Problem details
With pictures left out, set down exactly the lines from the line containing "Хлоропластардың құрылысы. Хлоропласт" through the last line of the data.

Data section

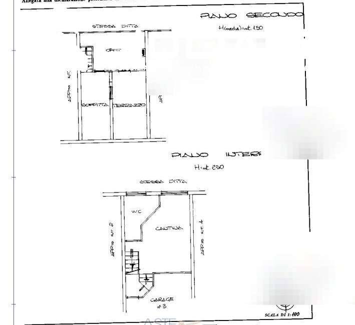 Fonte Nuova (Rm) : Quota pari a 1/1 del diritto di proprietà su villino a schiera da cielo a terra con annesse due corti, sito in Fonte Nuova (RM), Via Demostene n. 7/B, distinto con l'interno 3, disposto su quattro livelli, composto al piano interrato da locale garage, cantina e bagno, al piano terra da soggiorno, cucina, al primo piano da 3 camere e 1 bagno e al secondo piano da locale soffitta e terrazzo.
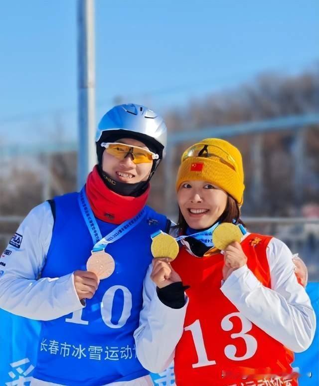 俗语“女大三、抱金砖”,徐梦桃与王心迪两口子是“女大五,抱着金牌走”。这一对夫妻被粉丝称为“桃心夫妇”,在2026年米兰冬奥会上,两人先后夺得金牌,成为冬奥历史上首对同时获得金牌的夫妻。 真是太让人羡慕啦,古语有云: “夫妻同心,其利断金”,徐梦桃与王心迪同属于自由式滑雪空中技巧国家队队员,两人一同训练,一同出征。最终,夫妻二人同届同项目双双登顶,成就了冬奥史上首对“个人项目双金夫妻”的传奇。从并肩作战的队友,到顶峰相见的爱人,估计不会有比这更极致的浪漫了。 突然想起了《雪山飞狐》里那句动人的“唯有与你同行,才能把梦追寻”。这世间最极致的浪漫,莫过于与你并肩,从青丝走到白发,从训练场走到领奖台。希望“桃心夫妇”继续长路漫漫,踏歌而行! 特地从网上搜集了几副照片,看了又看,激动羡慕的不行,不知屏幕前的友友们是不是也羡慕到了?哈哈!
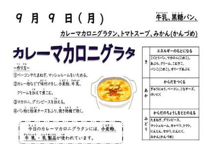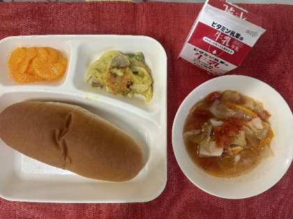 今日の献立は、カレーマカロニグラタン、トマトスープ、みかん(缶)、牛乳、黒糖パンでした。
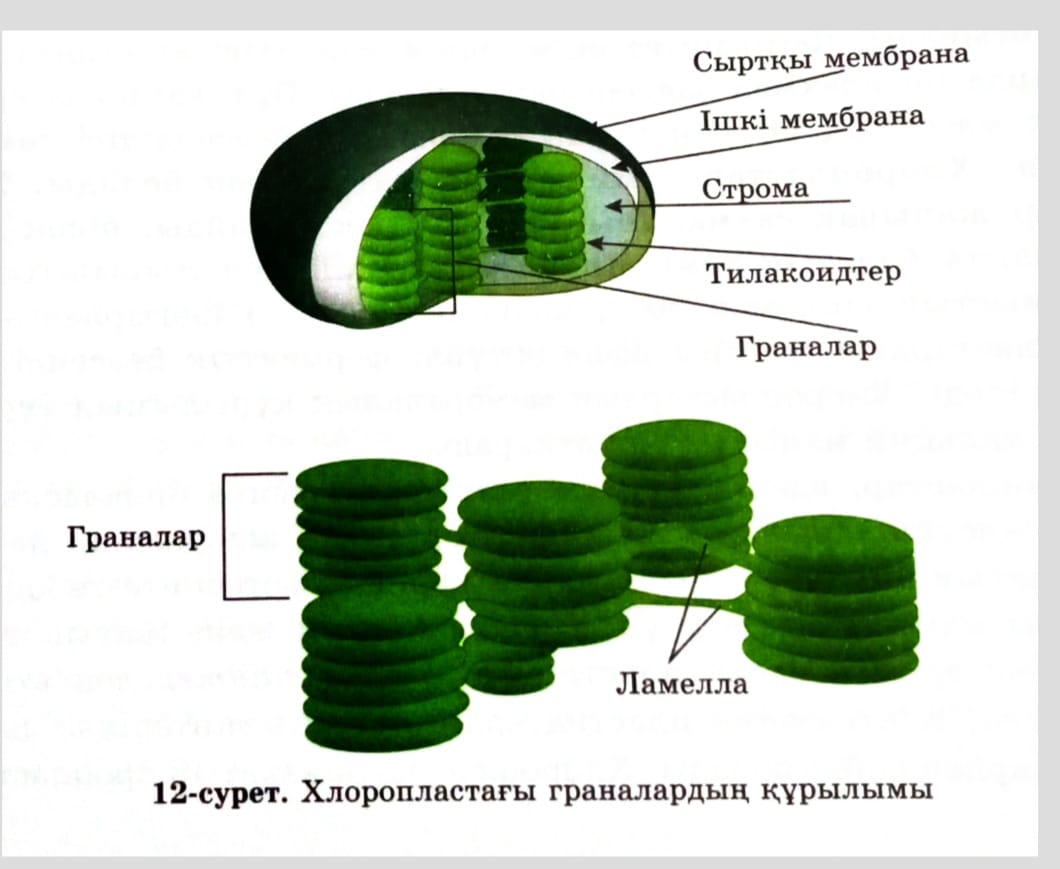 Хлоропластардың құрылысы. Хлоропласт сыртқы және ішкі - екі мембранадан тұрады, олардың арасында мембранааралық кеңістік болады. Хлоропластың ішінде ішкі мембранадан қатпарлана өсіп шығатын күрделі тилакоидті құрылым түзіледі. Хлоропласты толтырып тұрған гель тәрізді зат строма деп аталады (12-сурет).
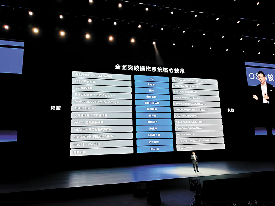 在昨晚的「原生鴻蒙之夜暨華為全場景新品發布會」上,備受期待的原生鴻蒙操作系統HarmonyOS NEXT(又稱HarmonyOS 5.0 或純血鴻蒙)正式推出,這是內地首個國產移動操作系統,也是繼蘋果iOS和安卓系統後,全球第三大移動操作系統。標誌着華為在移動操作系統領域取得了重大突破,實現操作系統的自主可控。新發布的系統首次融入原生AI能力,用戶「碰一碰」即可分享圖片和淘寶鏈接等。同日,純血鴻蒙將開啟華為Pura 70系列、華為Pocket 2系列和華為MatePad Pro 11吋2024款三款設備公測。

Your solution
 Хлоропластардың құрылысы. Хлоропласт сыртқы және ішкі - екі мембранадан тұрады, олардың арасында мембранааралық кеңістік болады. Хлоропластың ішінде ішкі мембранадан қатпарлана өсіп шығатын күрделі тилакоидті құрылым түзіледі. Хлоропласты толтырып тұрған гель тәрізді зат строма деп аталады (12-сурет).
 在昨晚的「原生鴻蒙之夜暨華為全場景新品發布會」上,備受期待的原生鴻蒙操作系統HarmonyOS NEXT(又稱HarmonyOS 5.0 或純血鴻蒙)正式推出,這是內地首個國產移動操作系統,也是繼蘋果iOS和安卓系統後,全球第三大移動操作系統。標誌着華為在移動操作系統領域取得了重大突破,實現操作系統的自主可控。新發布的系統首次融入原生AI能力,用戶「碰一碰」即可分享圖片和淘寶鏈接等。同日,純血鴻蒙將開啟華為Pura 70系列、華為Pocket 2系列和華為MatePad Pro 11吋2024款三款設備公測。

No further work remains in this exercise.